» Instructions to follow
From the first line of the material below through the line containing "Unter Item Variation", print every line exactly as it stands, but no pictures.
╭─ Input data
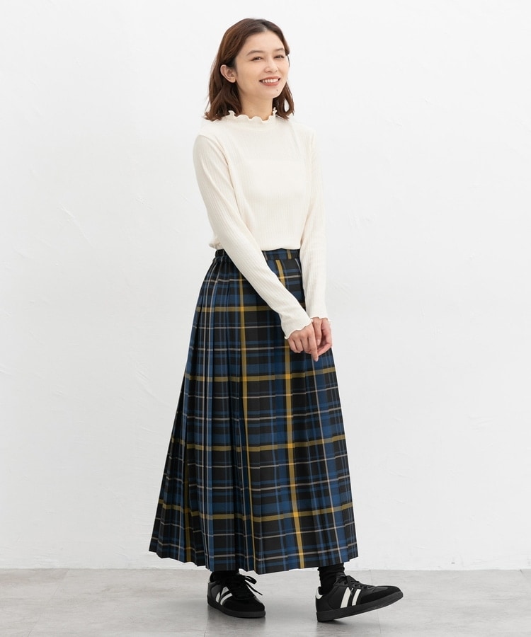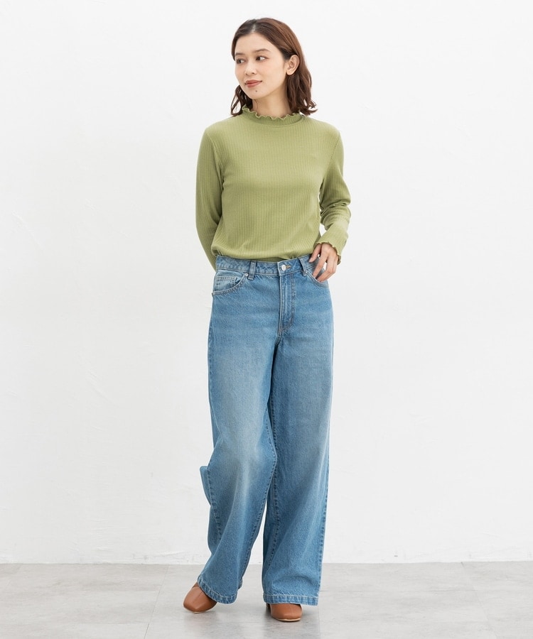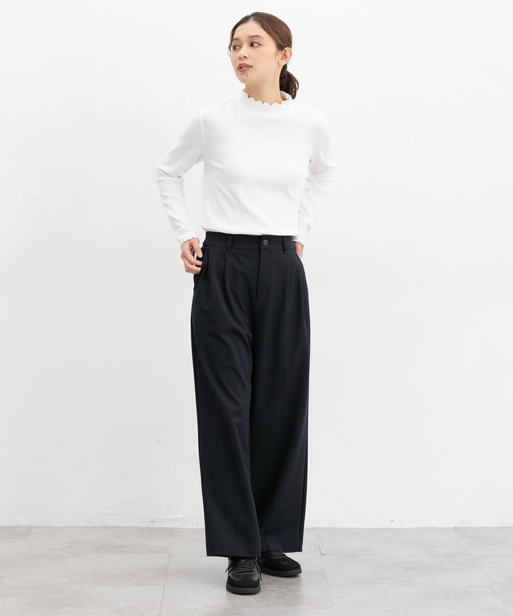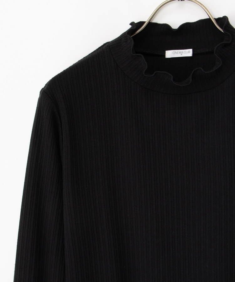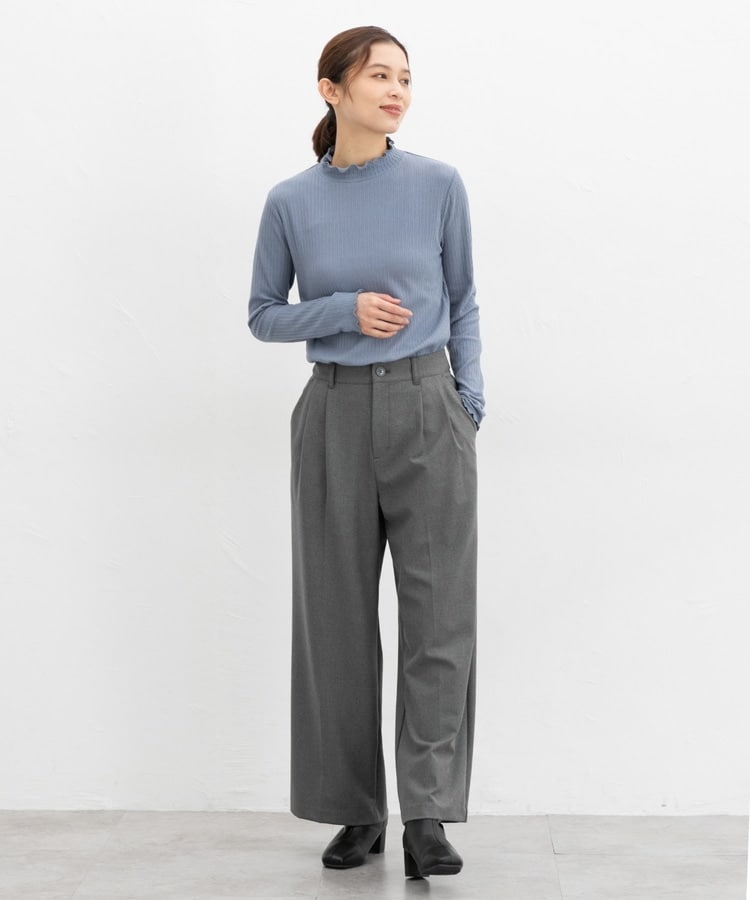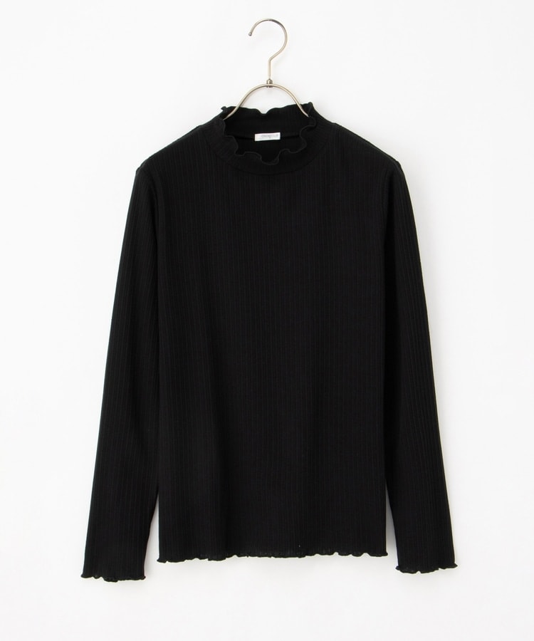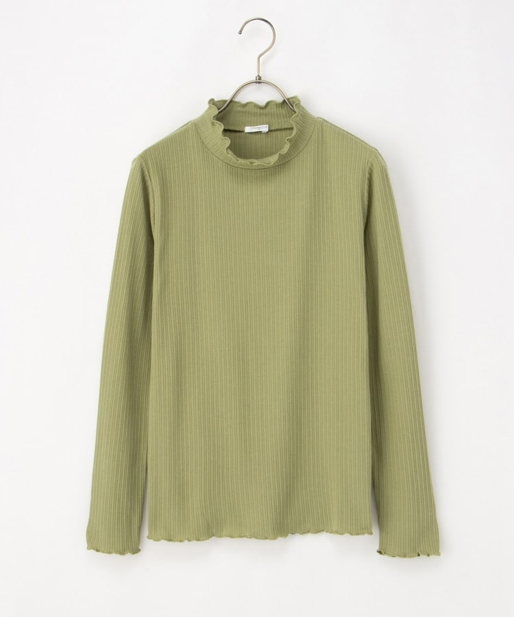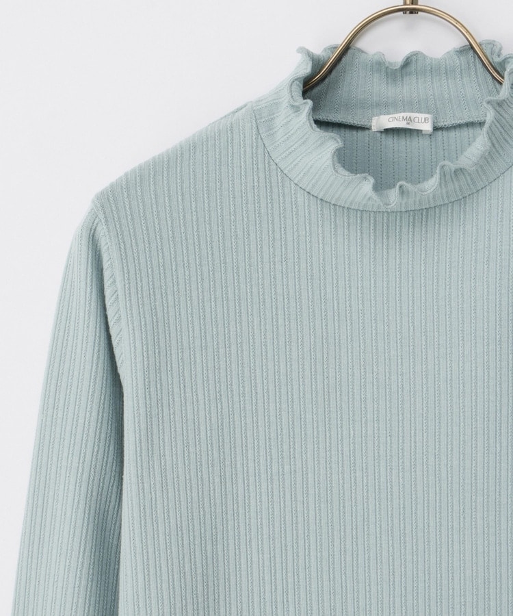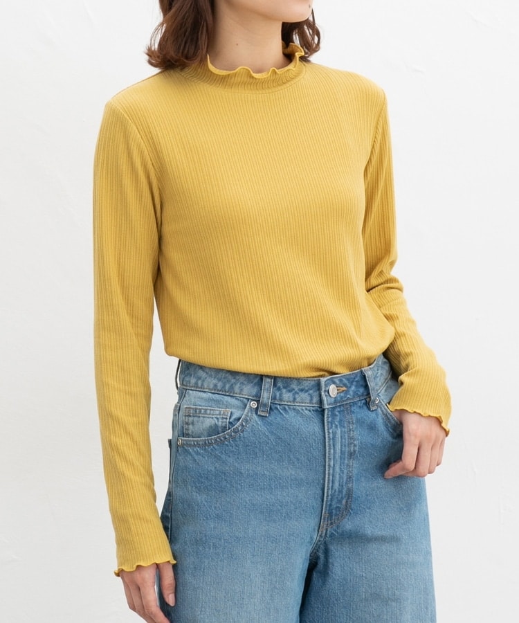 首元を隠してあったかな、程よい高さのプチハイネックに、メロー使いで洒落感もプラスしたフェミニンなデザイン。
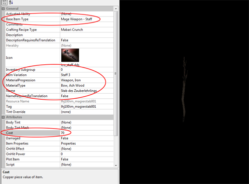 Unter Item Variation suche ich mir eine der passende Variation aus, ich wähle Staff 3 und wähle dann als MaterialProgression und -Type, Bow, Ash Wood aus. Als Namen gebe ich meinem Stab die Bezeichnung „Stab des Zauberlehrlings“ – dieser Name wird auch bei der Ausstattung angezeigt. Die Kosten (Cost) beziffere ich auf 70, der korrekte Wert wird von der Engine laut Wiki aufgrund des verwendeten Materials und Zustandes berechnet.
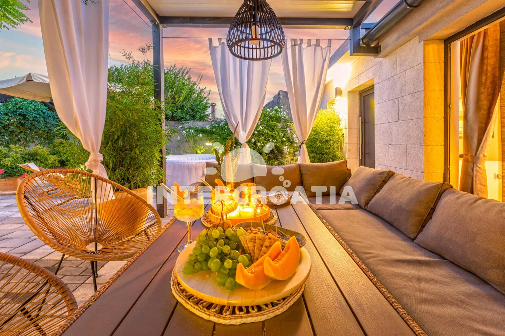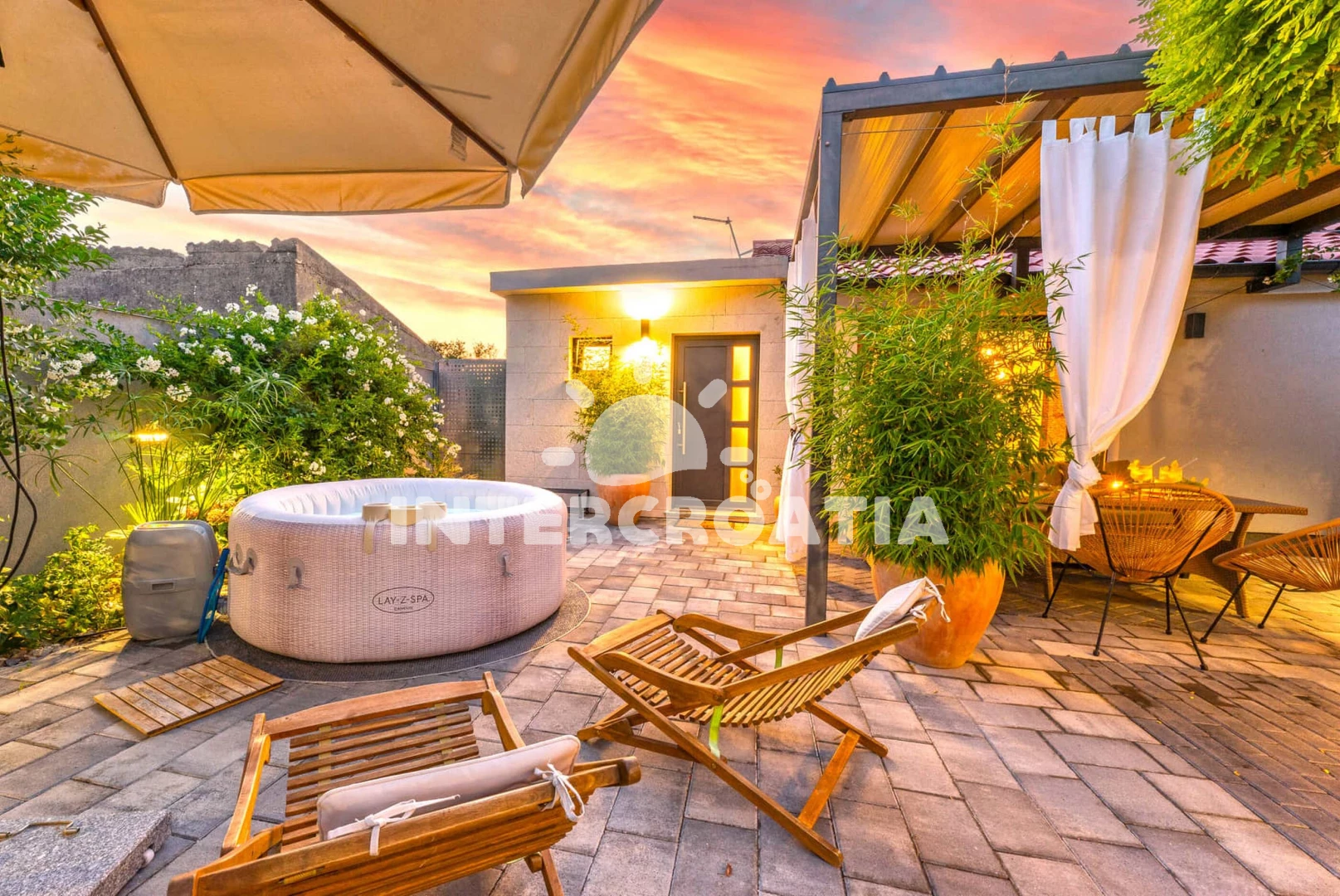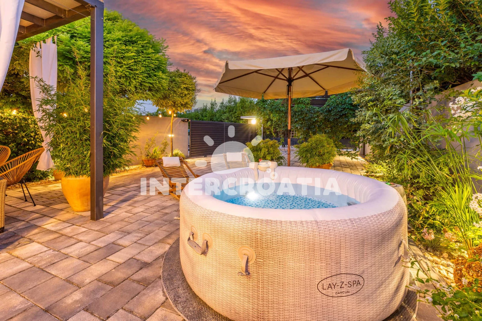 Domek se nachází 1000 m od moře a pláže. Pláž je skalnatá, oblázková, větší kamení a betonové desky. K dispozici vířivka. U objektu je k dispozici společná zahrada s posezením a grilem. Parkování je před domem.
╰─
» Finished task
 首元を隠してあったかな、程よい高さのプチハイネックに、メロー使いで洒落感もプラスしたフェミニンなデザイン。
 Unter Item Variation suche ich mir eine der passende Variation aus, ich wähle Staff 3 und wähle dann als MaterialProgression und -Type, Bow, Ash Wood aus. Als Namen gebe ich meinem Stab die Bezeichnung „Stab des Zauberlehrlings“ – dieser Name wird auch bei der Ausstattung angezeigt. Die Kosten (Cost) beziffere ich auf 70, der korrekte Wert wird von der Engine laut Wiki aufgrund des verwendeten Materials und Zustandes berechnet.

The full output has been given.